→ **RECORDS TO USE**:
■ ■ ■

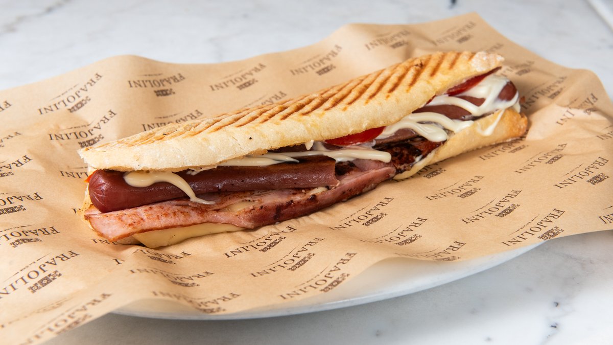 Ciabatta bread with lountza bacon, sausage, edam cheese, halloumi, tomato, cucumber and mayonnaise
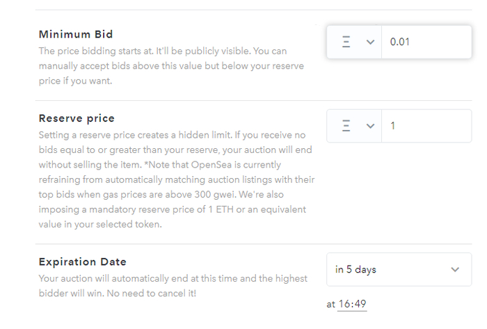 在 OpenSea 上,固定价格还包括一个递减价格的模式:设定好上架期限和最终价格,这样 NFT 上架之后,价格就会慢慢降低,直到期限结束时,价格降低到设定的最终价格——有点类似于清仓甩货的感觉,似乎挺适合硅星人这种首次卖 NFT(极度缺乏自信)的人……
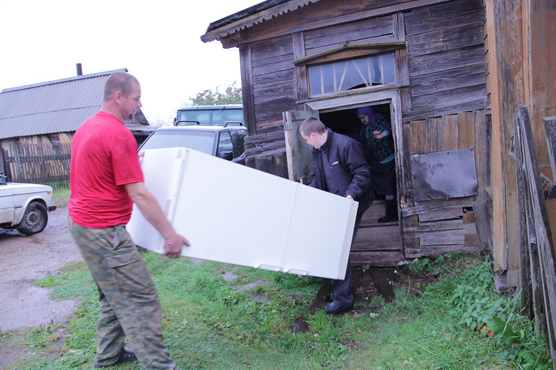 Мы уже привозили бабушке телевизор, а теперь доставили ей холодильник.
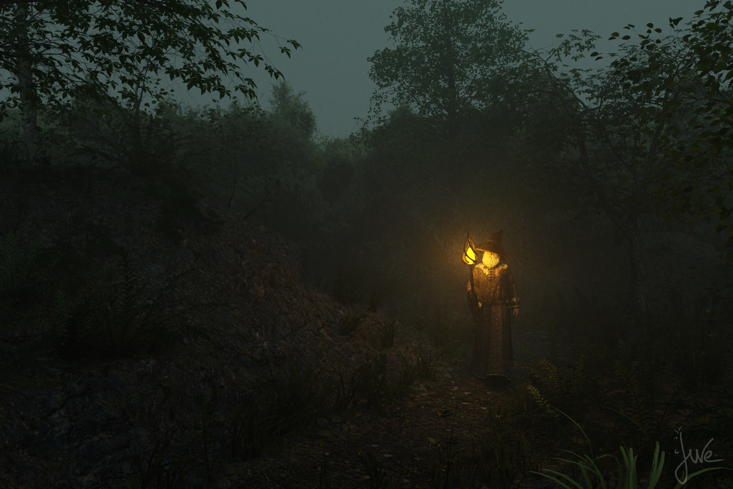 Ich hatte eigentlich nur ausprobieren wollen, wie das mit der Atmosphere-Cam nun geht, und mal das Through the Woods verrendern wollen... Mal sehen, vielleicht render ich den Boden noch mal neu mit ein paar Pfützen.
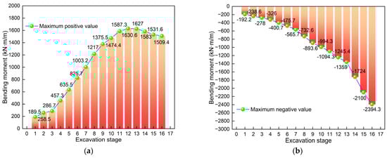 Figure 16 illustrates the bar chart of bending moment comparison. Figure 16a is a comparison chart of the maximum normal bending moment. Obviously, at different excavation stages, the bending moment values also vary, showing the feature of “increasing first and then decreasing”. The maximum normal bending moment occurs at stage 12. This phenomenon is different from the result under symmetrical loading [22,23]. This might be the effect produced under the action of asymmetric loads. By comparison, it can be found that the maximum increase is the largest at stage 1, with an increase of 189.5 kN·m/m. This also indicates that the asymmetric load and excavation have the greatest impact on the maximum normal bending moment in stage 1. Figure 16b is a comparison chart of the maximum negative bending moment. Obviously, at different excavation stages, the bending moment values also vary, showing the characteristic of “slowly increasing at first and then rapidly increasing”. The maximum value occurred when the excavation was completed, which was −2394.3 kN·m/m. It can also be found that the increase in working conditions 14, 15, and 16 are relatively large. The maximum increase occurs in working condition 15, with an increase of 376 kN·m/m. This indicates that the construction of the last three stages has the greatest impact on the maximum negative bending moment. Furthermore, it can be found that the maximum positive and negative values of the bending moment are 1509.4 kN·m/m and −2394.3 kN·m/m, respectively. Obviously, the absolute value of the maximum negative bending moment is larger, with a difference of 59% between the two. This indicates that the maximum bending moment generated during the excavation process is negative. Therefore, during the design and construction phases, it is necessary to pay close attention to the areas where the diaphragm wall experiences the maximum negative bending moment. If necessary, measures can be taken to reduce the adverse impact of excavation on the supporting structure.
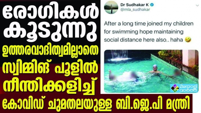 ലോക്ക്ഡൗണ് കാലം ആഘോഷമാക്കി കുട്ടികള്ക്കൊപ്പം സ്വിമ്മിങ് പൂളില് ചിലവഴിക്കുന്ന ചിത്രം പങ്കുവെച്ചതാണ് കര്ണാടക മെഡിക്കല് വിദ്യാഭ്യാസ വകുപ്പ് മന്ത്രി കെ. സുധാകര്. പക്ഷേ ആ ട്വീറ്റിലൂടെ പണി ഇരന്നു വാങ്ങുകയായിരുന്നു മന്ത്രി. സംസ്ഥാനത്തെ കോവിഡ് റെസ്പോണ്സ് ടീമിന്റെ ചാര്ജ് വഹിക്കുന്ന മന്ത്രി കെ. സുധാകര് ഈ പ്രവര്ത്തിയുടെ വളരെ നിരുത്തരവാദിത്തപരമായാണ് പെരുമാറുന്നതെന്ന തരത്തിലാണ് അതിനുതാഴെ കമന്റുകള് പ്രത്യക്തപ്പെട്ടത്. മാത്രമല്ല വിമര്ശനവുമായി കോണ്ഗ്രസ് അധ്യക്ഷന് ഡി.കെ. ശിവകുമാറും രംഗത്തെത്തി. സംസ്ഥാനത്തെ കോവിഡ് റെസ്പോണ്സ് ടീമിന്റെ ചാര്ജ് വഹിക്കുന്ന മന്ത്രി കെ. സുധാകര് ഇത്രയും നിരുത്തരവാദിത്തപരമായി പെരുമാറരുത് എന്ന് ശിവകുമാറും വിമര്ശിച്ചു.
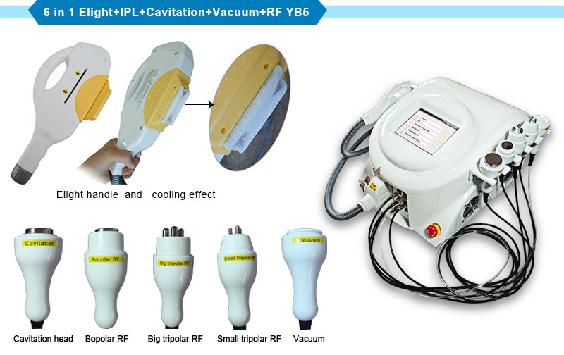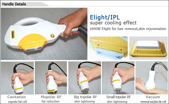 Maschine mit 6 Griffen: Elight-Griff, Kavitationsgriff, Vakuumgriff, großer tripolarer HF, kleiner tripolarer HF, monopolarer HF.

■ ■ ■

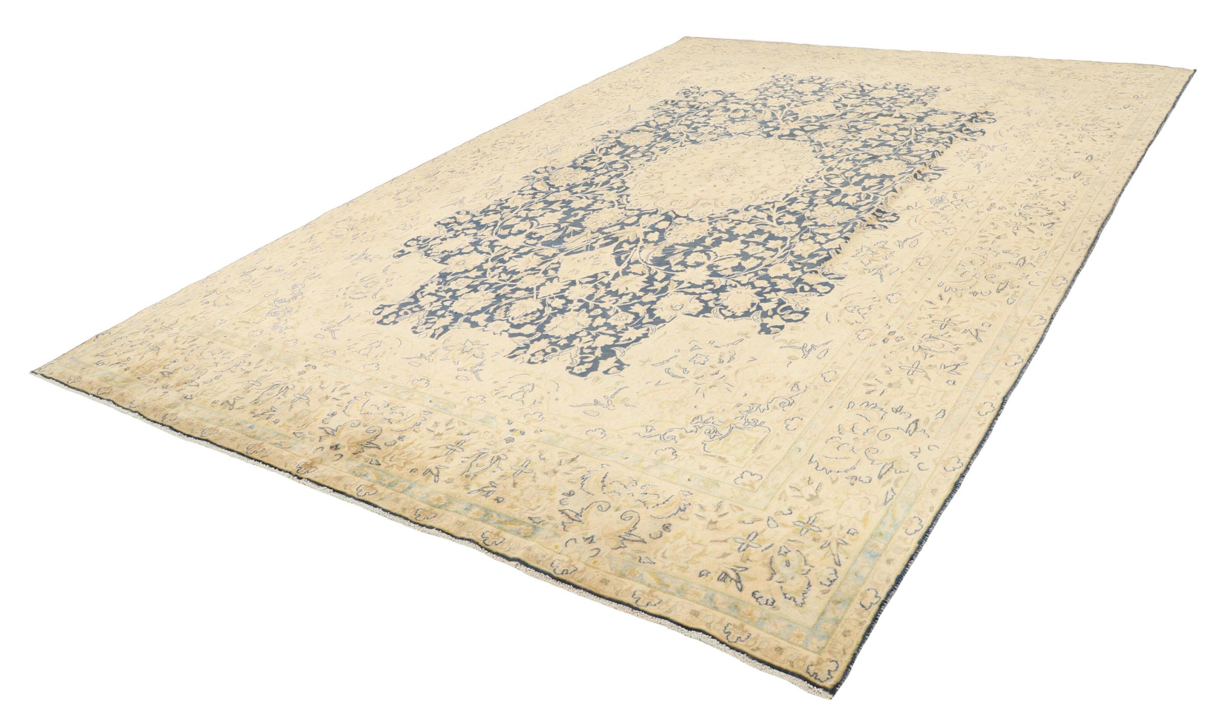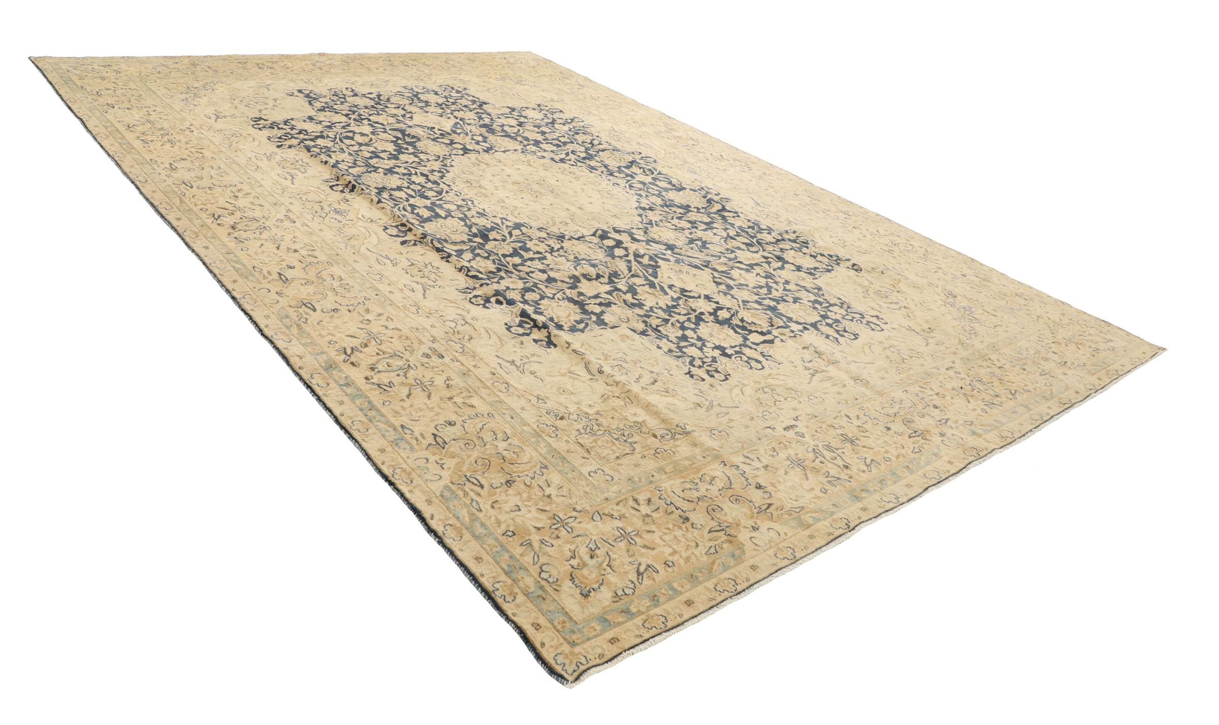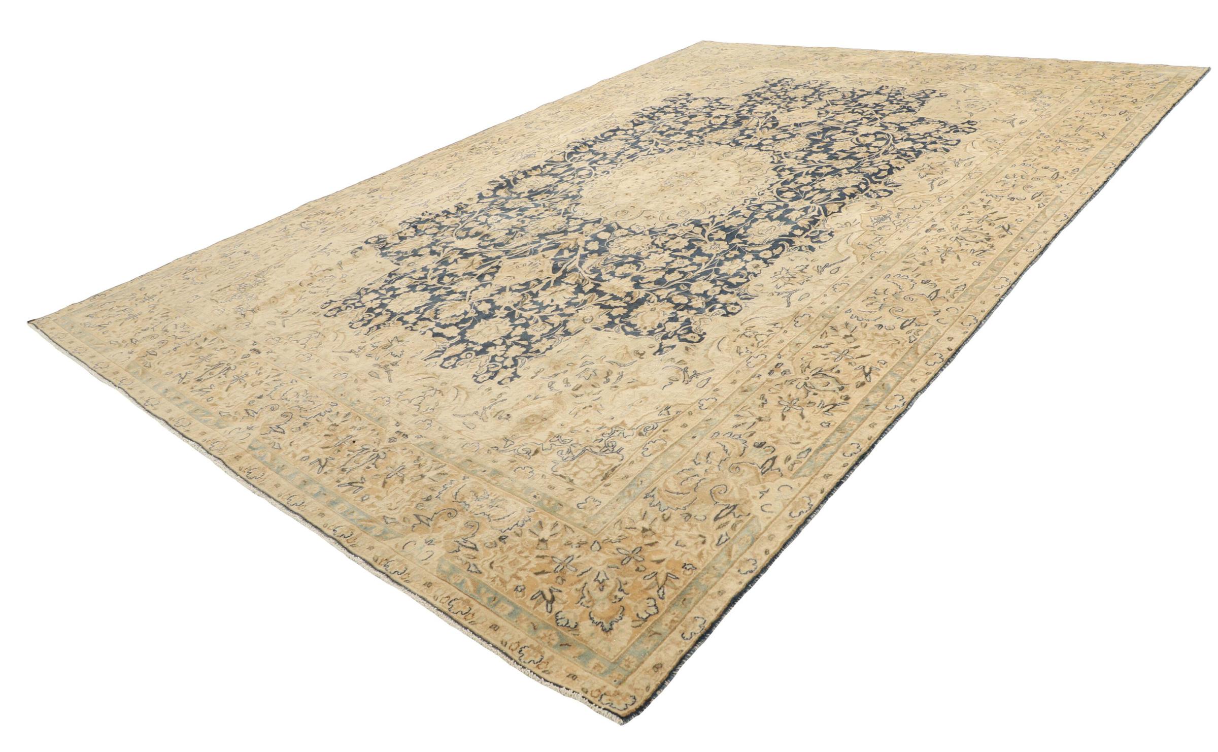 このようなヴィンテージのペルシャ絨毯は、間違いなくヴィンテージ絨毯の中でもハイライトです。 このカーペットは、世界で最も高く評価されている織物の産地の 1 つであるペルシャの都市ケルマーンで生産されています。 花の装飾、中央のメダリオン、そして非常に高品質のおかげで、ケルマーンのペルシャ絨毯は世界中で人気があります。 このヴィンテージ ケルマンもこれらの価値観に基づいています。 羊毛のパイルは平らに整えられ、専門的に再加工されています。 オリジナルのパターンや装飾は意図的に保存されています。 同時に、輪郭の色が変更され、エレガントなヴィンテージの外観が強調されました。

■ ■ ■

→ **YOUR OBJECTIVE**: Copy word for word the lines above, starting at the line containing "Ciabatta bread with" and ending at the line containing "Мы уже привозили", inclusive, with no pictures.

→ **SOLUTION FOR THIS TASK**:
 Ciabatta bread with lountza bacon, sausage, edam cheese, halloumi, tomato, cucumber and mayonnaise
 在 OpenSea 上,固定价格还包括一个递减价格的模式:设定好上架期限和最终价格,这样 NFT 上架之后,价格就会慢慢降低,直到期限结束时,价格降低到设定的最终价格——有点类似于清仓甩货的感觉,似乎挺适合硅星人这种首次卖 NFT(极度缺乏自信)的人……
 Мы уже привозили бабушке телевизор, а теперь доставили ей холодильник.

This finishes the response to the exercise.